It's Not You, It's Me. Officially.
Monday, April 09, 2012
Rest and Reflection
Saturday, December 31, 2011
A Year of Spiky Introspection
I am bitterly disillusioned with my job, which fails to engage me on any level. I actively dislike an improbably large number of the people with whom it brings me into contact. I’m in the wrong profession for my sensibilities and it is far too late to do anything about it.
My political awakening has accelerated. I joined the committee of the Edinburgh branch of my party, and worked on the campaigns for the Scottish Parliament election in May and the City Centre council by-election in August. Much of politics seems to involve running just to stand still, but I am fascinated to continue discovering what I believe in and what I think is worth fighting for. I remain inspired by the Green activists I work alongside.
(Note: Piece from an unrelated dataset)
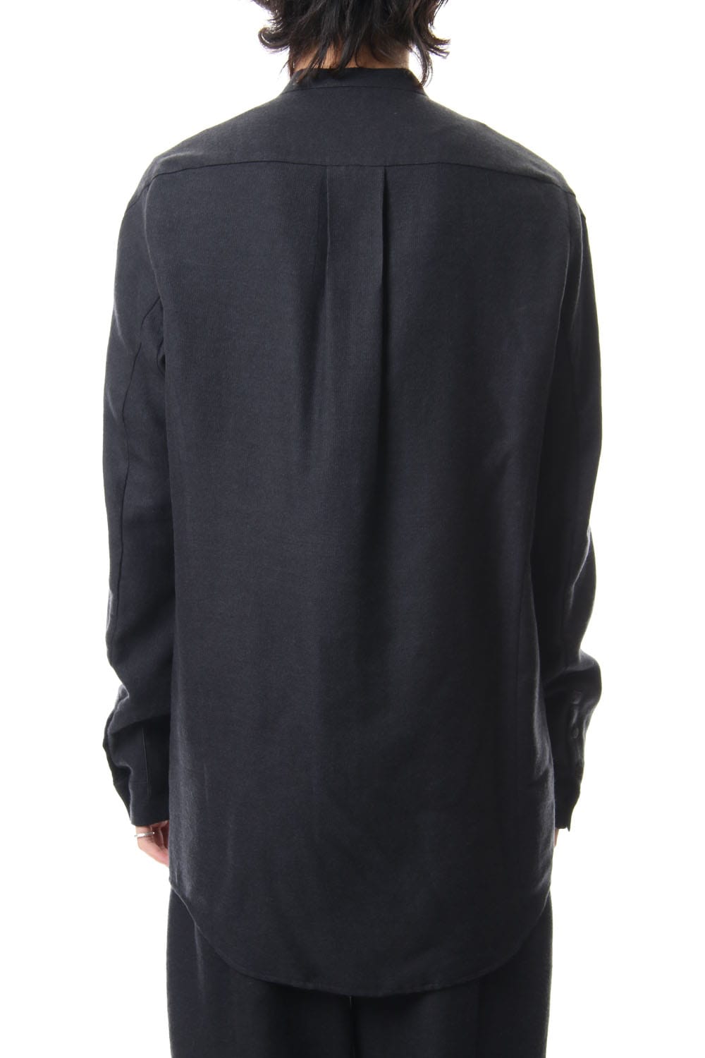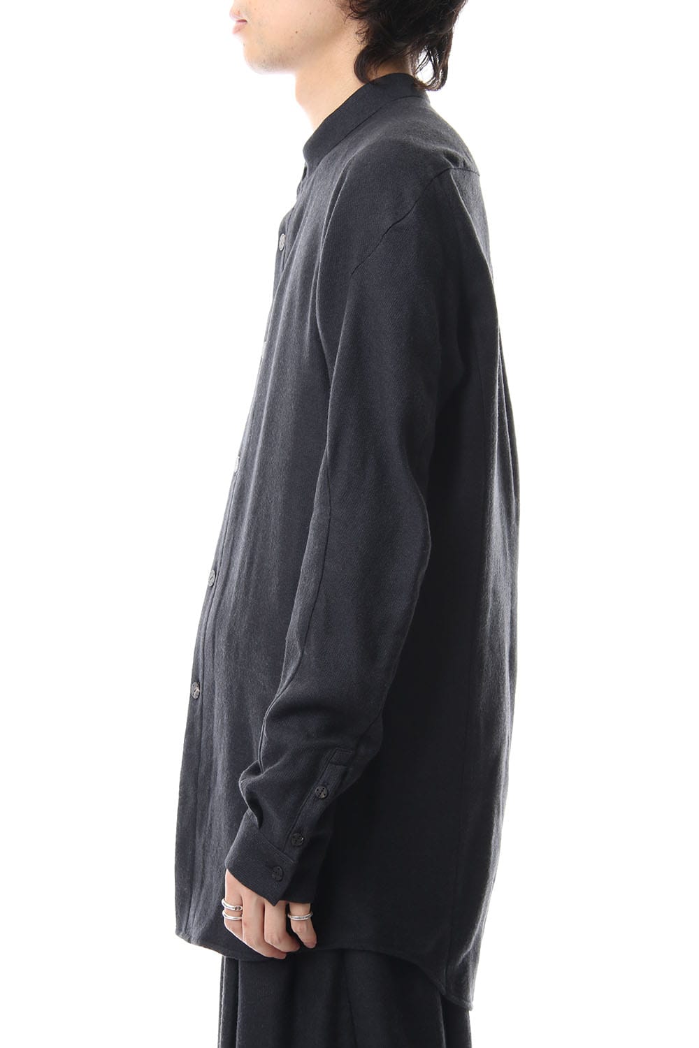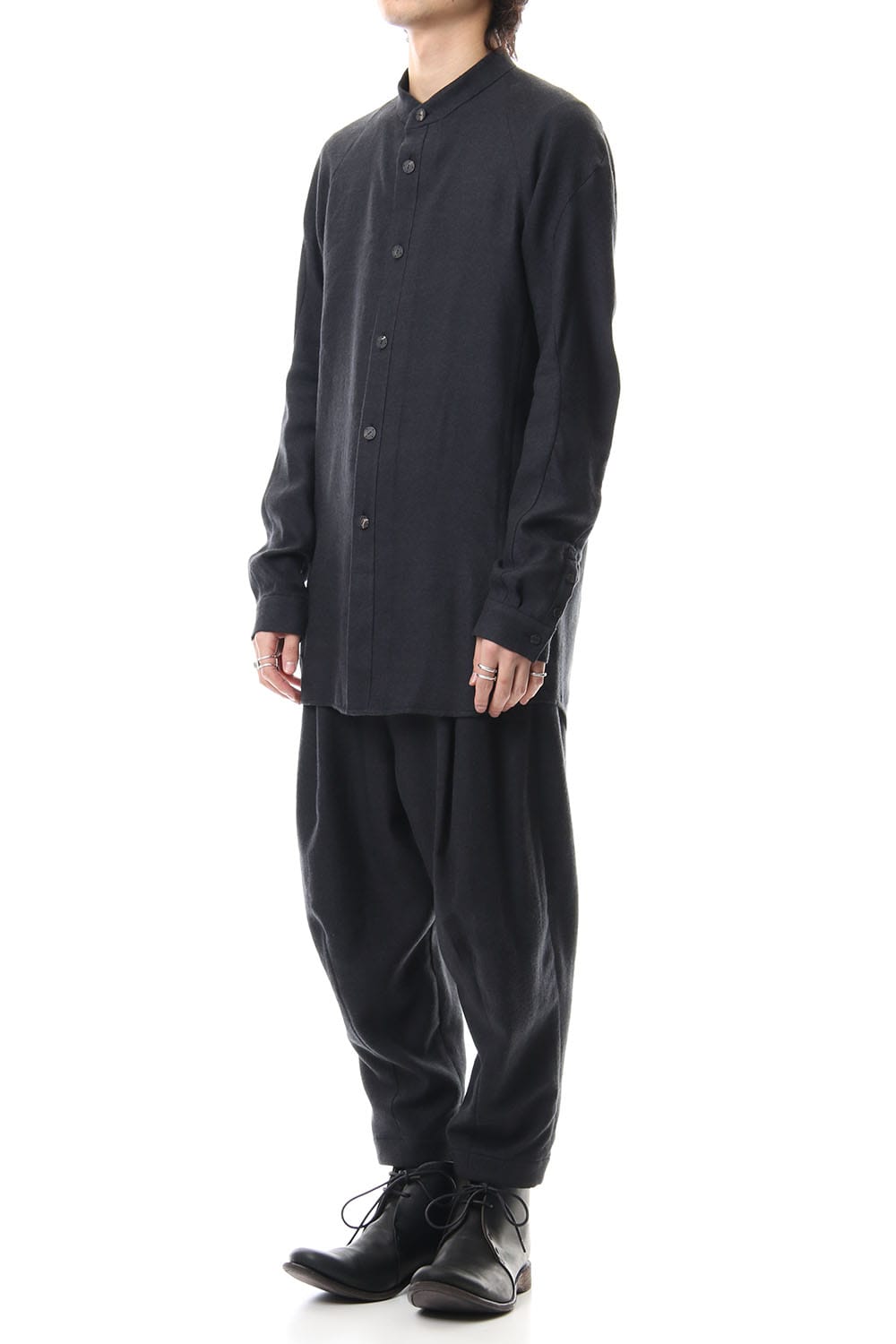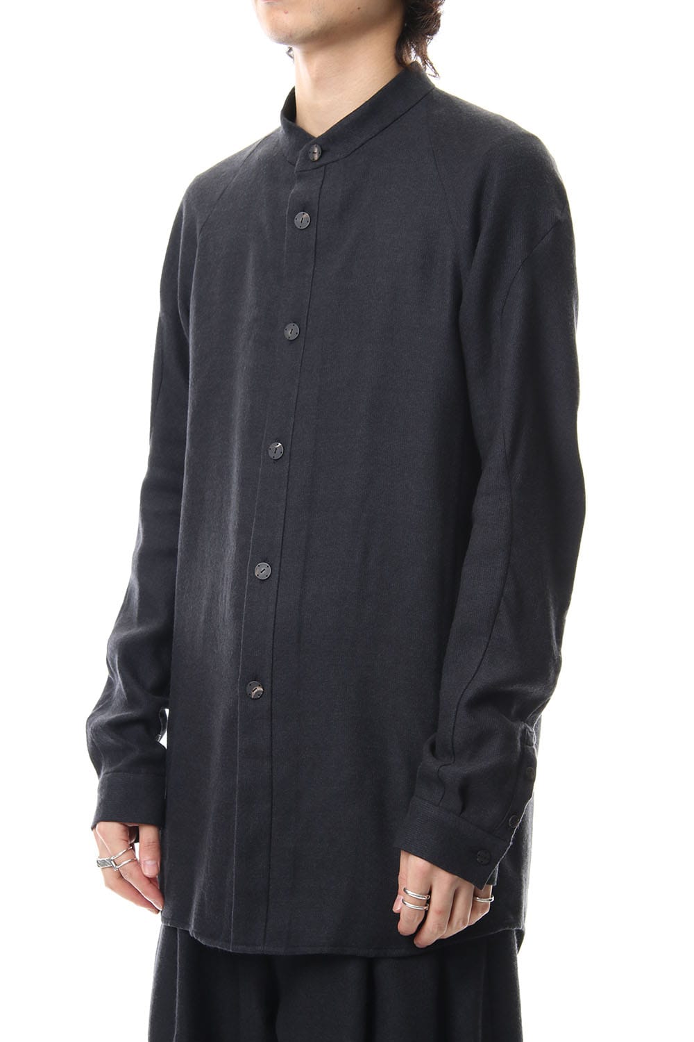シンプルにノーカラーデザインで上からオーバーコートがレイヤード出来る様にレギュラーフィットで製作しています。生地が柔らかいので骨組みとして内側に綿テープを縫製しています。

Helen and I moved house in August, to a detached bungalow a mile further from the city centre than before. It better suits our needs, but I miss the community we left, and sense it won’t feel like home for a while. I took the opportunity to divest myself of a significant number of possessions, and am continuing to thin out my belongings. I feel lighter and more agile as a result.
Shortly before we moved, our cat Poppy died from renal failure. I cried every day for six weeks afterwards. The new house feels very empty and quiet at times.
Having started the year with an injured Achilles’ tendon, I followed a prescribed path of rehabilitation, and by the end of the year had run the Liverpool and Edinburgh half marathons, and the Edinburgh and Liverpool marathons. I’ve now run five full marathons, having never before run two in the same year. I ran Liverpool faster than I’ve ever run a marathon before, after a demanding training regime, which saw me out of bed before six, six mornings a week. There were a few more tears as I crossed the line.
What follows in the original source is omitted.